The leper knelt before this man. “If you will,” he said, “you can make me clean.”
Who did the leper think this man was? Some kind of miracle-worker? If the man came any closer to the leper, he would be unclean! Surely this man was not so naïve as to think his cleanliness could make the leper clean. It didn’t work that way.
But the man seemed to pity the leper, and stretched out his hand. I looked on in horror. Touching a leper?
“I will,” the man said. “Be clean.” He touched the leper.
Horror changed to astonishment as the leper’s skin changed. He was healed! A few more words passed between the two, and then the leper entered the city, going from the unclean, into the city, toward the priests. As he walked under the gate he looked up at me.
“I’m clean!” He shouted. “Jesus has made me clean! I am no longer cut off; I can enter the city!”
Jesus? I had heard that name before. People said He was a great teacher, and could work miracles.
In the weeks that followed, I heard that the news of the leper’s healing had caused many to come to Jesus. In fact, so many were seeking Him that Jesus could no longer enter the towns, but was instead remaining in desolate places! I almost laughed at the irony: it was as if Jesus Himself had become unclean in healing the leper. Although I knew He was not unclean, Jesus had traded places with the leper, and was cast off outside the camp.

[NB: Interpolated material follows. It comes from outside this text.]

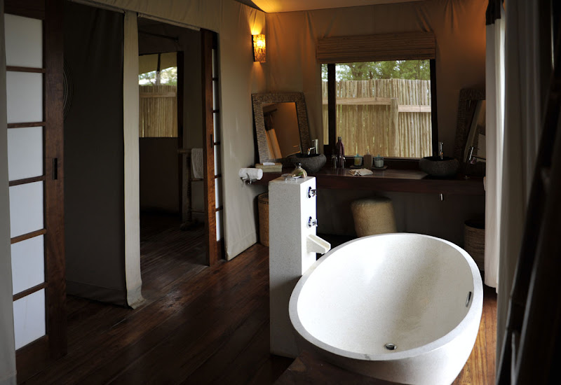 Das Badezimmer hat ebenfalls eine große Fensterfront mit Schiebetüren, und direkt am Fenster steht eine schön geschwungene Badewanne aus hellem Stein. Baden und dabei Tiere beobachten ist hier also möglich. An der Seitenwand steht der Doppelwaschtisch mit zwei großen Spiegeln und schicken, aus ausgehöhlten Felskugeln gemachten Waschbecken. Durch Schiebetüren abgetrennt sind eine separate Toilette und eine Dusche mit großem festem Duschkopf. Das Design des Zimmers gefällt mir sehr. Viel Schrankfläche, Ablage- und Aufhängemöglichkeiten, ein Safe, ein Walkie-Talkie für den Abholservice in der Dunkelheit, 24 Stunden Licht und Strom zum Aufladen seiner Geräte, bei Bedarf auch ein Fön sind die Annehmlichkeiten mitten im Busch. Das Wasser kommt aus einem Bohrloch und wird über Solaranlagen beheizt. 200 Liter Heißwasser stehen jedem Zimmer pro Tag zur Verfügung. An sonnigen Tagen ist das Wasser auch wirklich heiß, an regnerischen Tagen (so wie bei uns) wird es nur lauwarm. Ein "Booster" ist in Arbeit, damit das Wasser unabhängig vom Wetter stets angenehm warm wird. Trinkwasser in Flaschen steht außerdem im Badezimmer und neben dem Bett zur Verfügung.
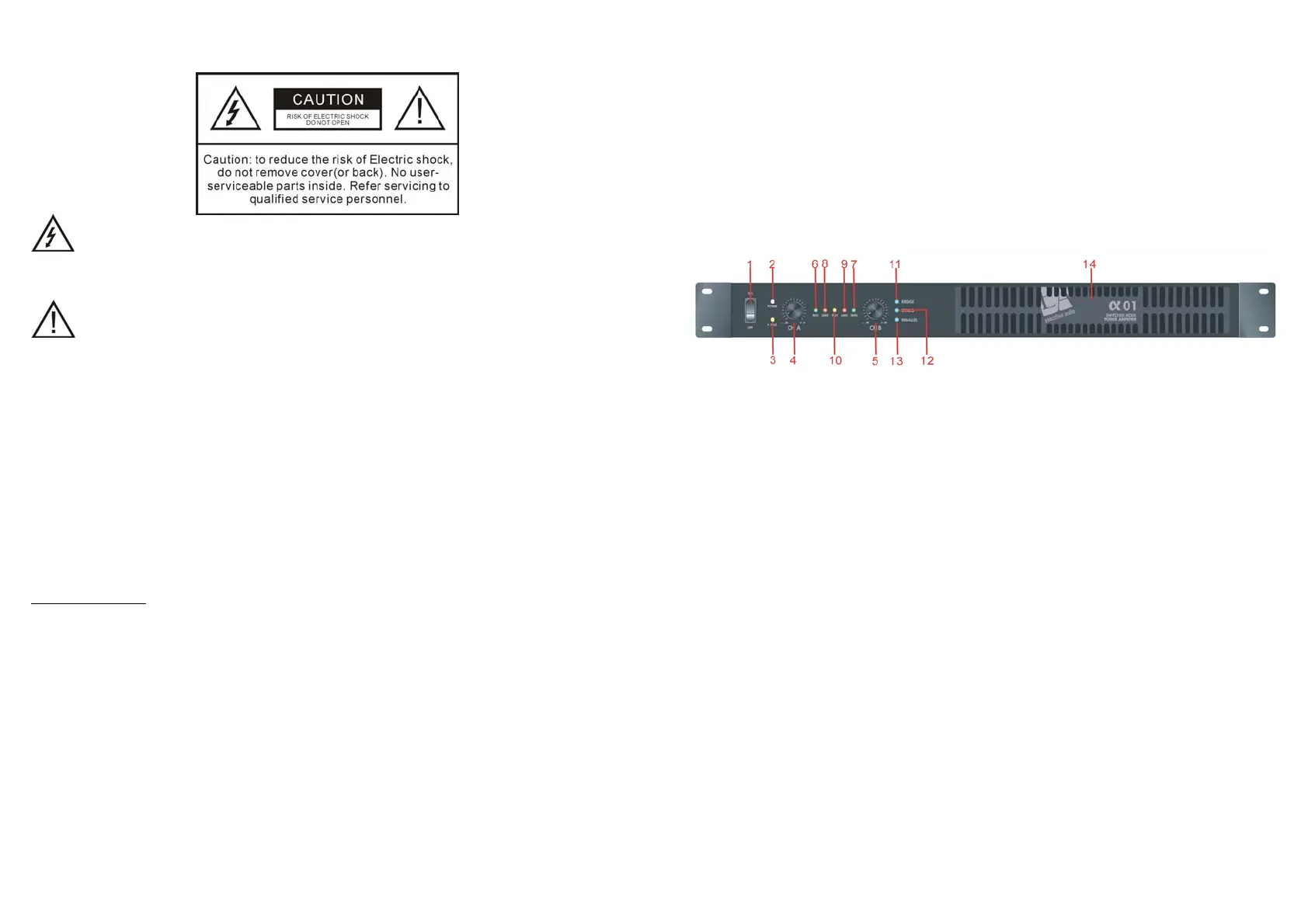 - If the amplifier does not power-up properly, turn it off immediately. Do not fix it yourself; contact your dealer

He had provided a cure for the leper. The laws of the priests diagnosed diseases, and then cut the sick off to keep them from Adonai. Disease suggested death, decay, and the ebbing of life. We had to keep that from Adonai. I knew that very well; it was often my job to keep the unclean from entering the city.
This Jesus had cured, though. The laws only said what was wrong, then begged for an unknown cure. It seemed Jesus was this cure. Maybe at last we could be free from our dietary restrictions, and maybe the lengthy cleansing rituals could stop. I knew Adonai was concerned with our purity, in every area of life, and laws of ceremonial cleanliness were His provision for us to fellowship with Him. But they were cumbersome. And if we had a cure, if Jesus was a cure, and if He was the Son of God as He claimed to be, then maybe it could all stop, and there would be another way we could display Adonai’s character to the world.
Years later, I heard that there was a way, and that I had been right: Jesus was the cure. Because of His death and atonement for our sin, being the sacrificial lamb in our place, ceremony and ritual were no longer necessary for us to come to God. His death was enough for all our sin, all our uncleanliness. Before Jesus, we were set apart ethnically, and that was demonstrated by what we ate (and didn’t eat), and keeping death and decay far from God. It seemed so strange to me that it was death that brought us near to God in the end.
The laws were a shadow, showing us the purity God required. Jesus was that purity. Now, Jew and gentile alike were His people. There were no external barriers to God, but the inward purity of the heart. Jesus Himself declared all foods clean, and said it was what comes out of the heart, not into the body, that makes us unclean.
Things have changed. Life is different for us now, because of Jesus. But we still display God’s character to the world. We have to ask ourselves, “Are we living in a way that is set apart to God?”